=== Begin Enclosure ===

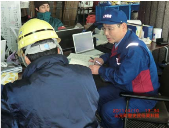
リエゾン打合せ状況 (4/10)
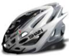
cod. 0510 S/M - 0511 L/XL
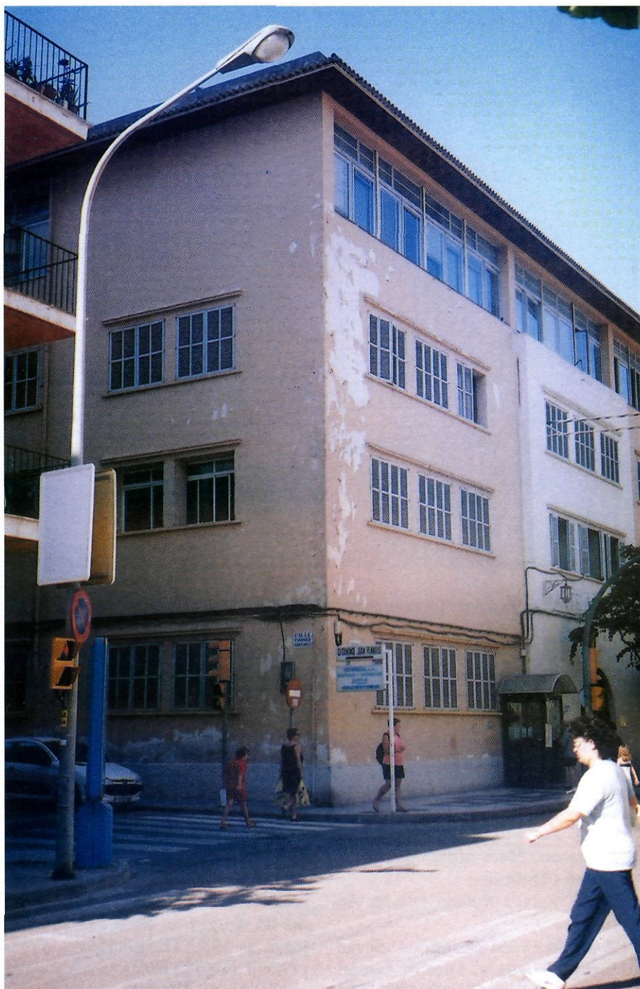
L'edifici de l'Escola a l'actualitat.

seua jubilació, l'any 1981. La seua feina fou premiada amb la Creu de l'Orde d'Alfons X el Savi. Tots els eivissencs ens adherirem a la distinció. I és que, com deia ell, tres mil alumnes havien passat per les aules de l'Escola.
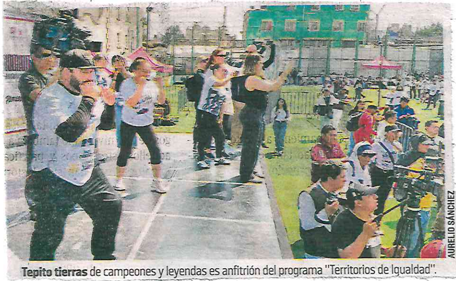
Tepito tierras de campeones y leyendas es anfitrión del programa "Territorios de Igualdad".

=== End Enclosure ===

■ Problem statement
Copy nothing but the lines above from the one with "L'edifici de l'Escola a l'actualitat." through the end of the material, word for word, and drop the pictures.

■ Output of the exercise
L'edifici de l'Escola a l'actualitat.

seua jubilació, l'any 1981. La seua feina fou premiada amb la Creu de l'Orde d'Alfons X el Savi. Tots els eivissencs ens adherirem a la distinció. I és que, com deia ell, tres mil alumnes havien passat per les aules de l'Escola.
Tepito tierras de campeones y leyendas es anfitrión del programa "Territorios de Igualdad".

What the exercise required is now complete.